Q: What are Batch Jobs in Mule ESB ?
A:
A batch job is a top-level element in Mule which exists outside all Mule flows. Batch jobs split large messages into records which Mule processes asynchronously in a batch job; just as flows process messages, batch jobs process records.
A batch job contains one or more batch steps which, in turn, contain any number of message processors that act upon records as they move through the batch job. During batch processing, you can use record-level variables (recordVars) and MEL expressions to enrich, route or otherwise act upon records.
mule-1_1


Q: What is Transient Context ?
A:
Transient Context: Used for passing values between Mediation primitives within the current flow — either the request flow or the responses flow. The transient context cannot link requests and responses and hence cannot be used across. Used when you want to save an input message before a service invokes call (within a request or response flow).
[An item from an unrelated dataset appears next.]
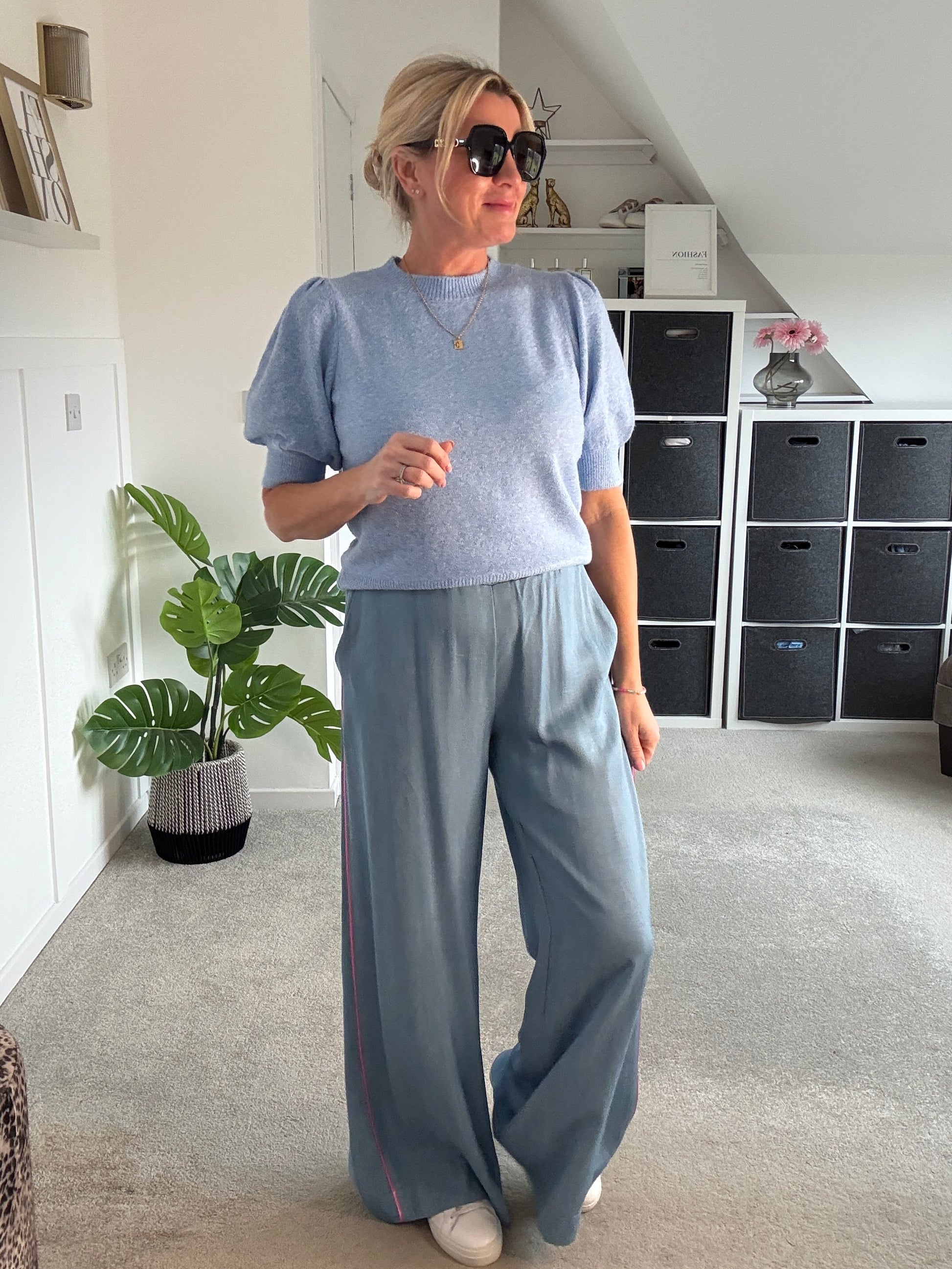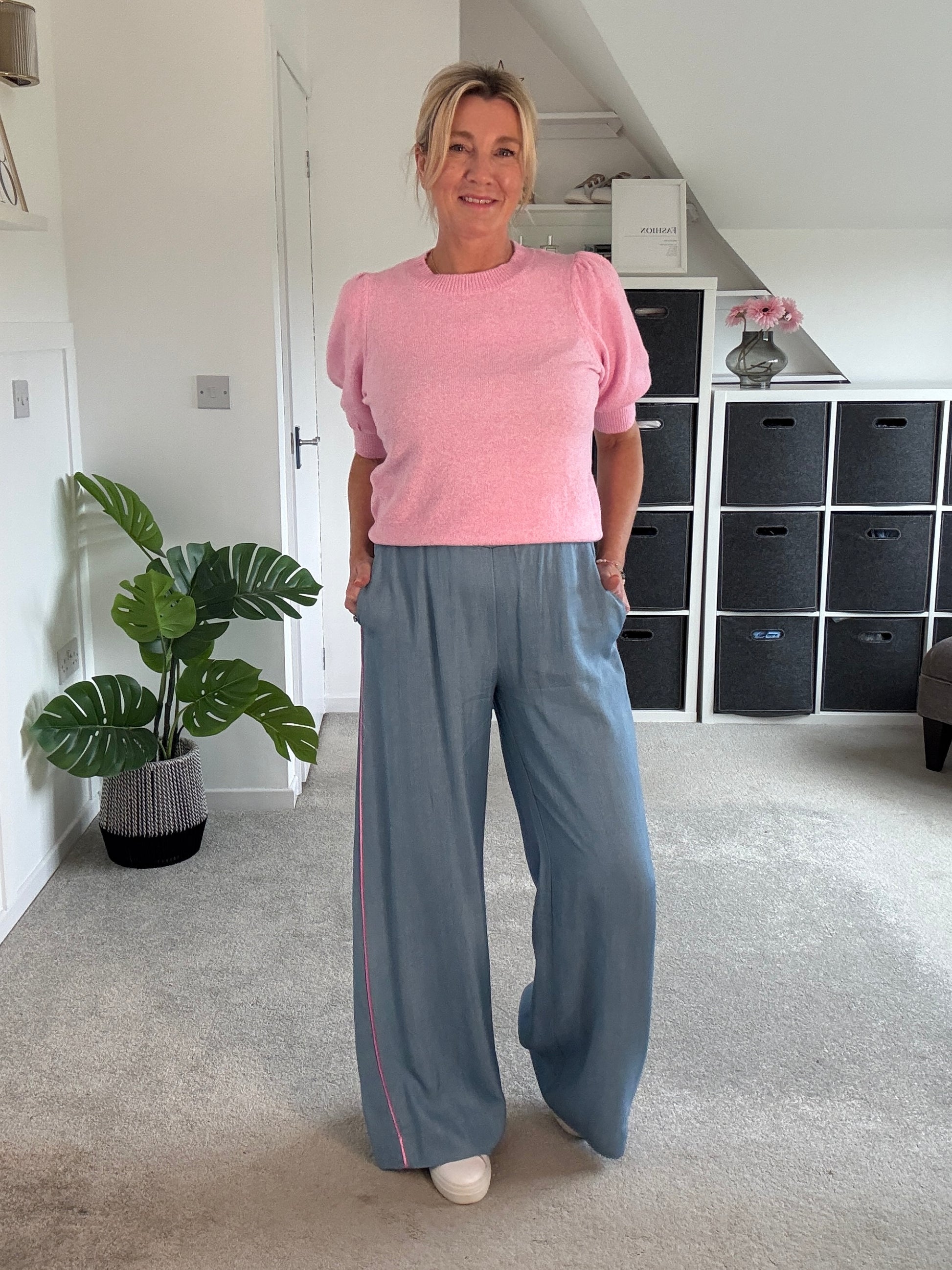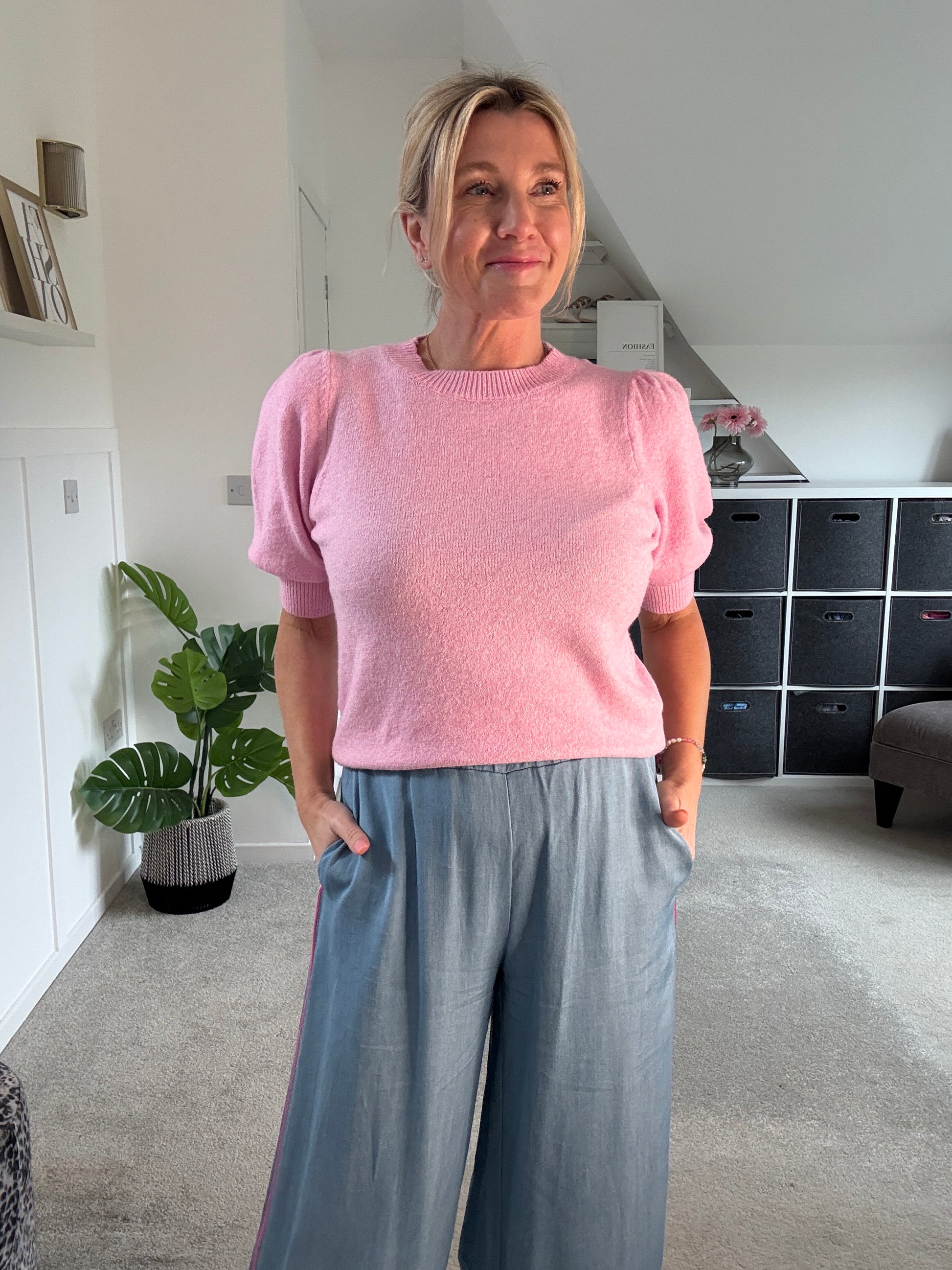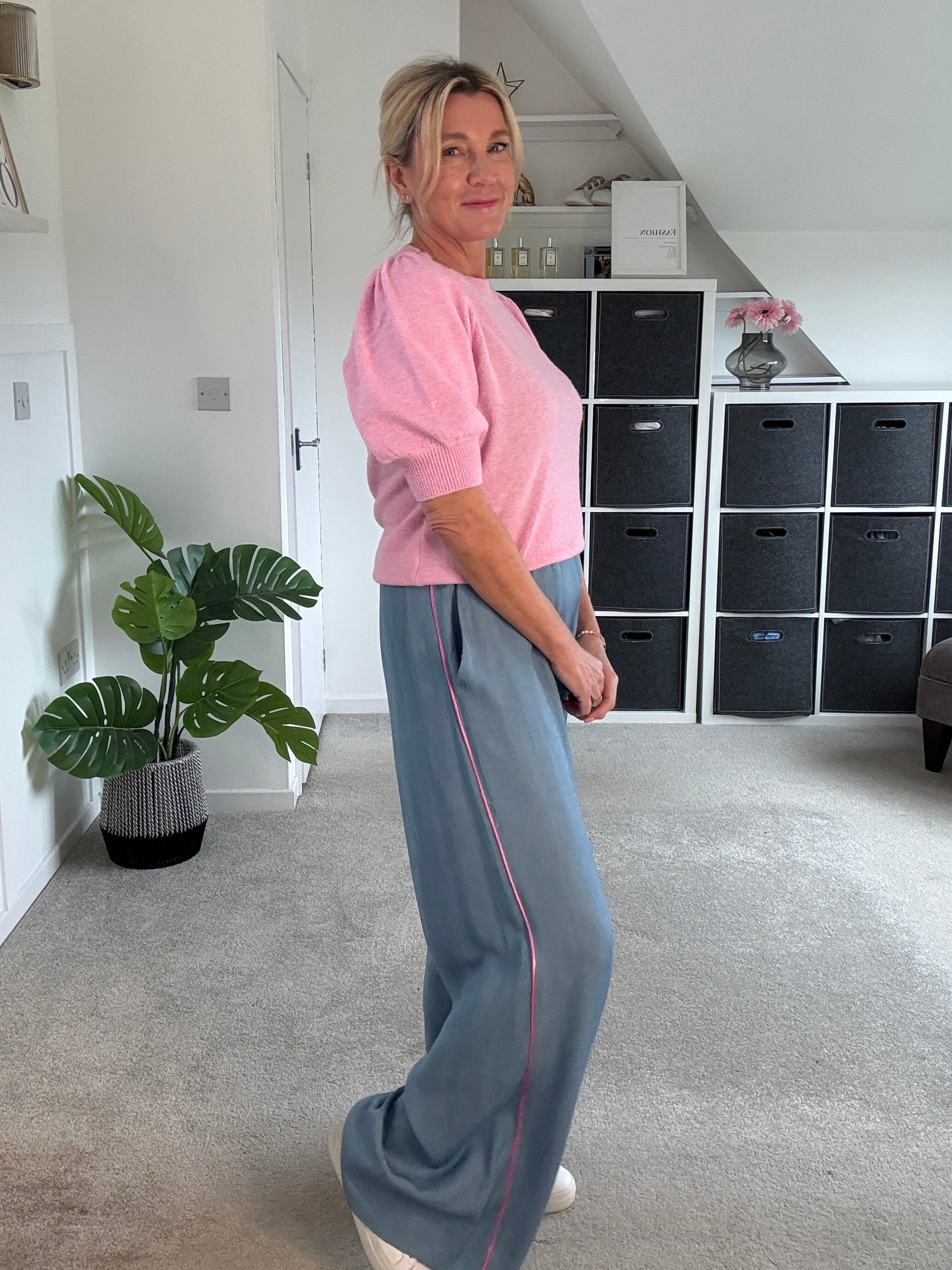 Stunning light chambray floaty trousers with bubblegum pink satin stripe down the sides. With comfortable, elasticated waist and pockets. A lovely lightweight for S/S and a gorgeous wide leg. They hang beautifully when on. Style with matching bubblegum pink satin lace top or the bon bon t shirt or the 2/4 sleeve jumper.

After the services invoke call, the next primitive can create another message by combining the service invoke response and the original message stored in the transient context.
Q: What are the different endpoints available in Mule ESB ?
A:
Different types of Endpoints are available in Mule, such as HTTP, JMS, IMAP, SMTP, and AJAX.

Q: How to check if file exists in Mule ESB ?
A:
This can be done using Mule Expression Language(MEL) as follows-
	<choice>
        <when expression="#[xmlFileExists()]">
            ...
        </when>
        <otherwise>
            ...
        </otherwise>
    </choice>


Q: What are Inbound endpoints and Outbound endpoints in Mule ESB ?
A:
Inbound endpoints are message sources (http://www.mulesoft.org/documentation/display/current/Message+Sources), which as the name suggests is where messages are created. They can be created based on external events (like an incoming HTTP request or JMS message) or by polling (like files in a directory).
Outbound endpoints and anything else you see in a flow (except exception strategies) are message processors (http://www.mulesoft.org/documentation/display/current/Message+Processors), which means they do something with the message in-flight the flow.
Q: What is difference between Mule Connectors and Transports Mule ESB ?
A:
Transports are targeted towards a way of transporting data, i.e. a protocol like HTTP or reading/writing files. These are general concepts and the other party behind such a data channel can be anything, a pure data sink or a party with whom data can be exchanged, own company or other.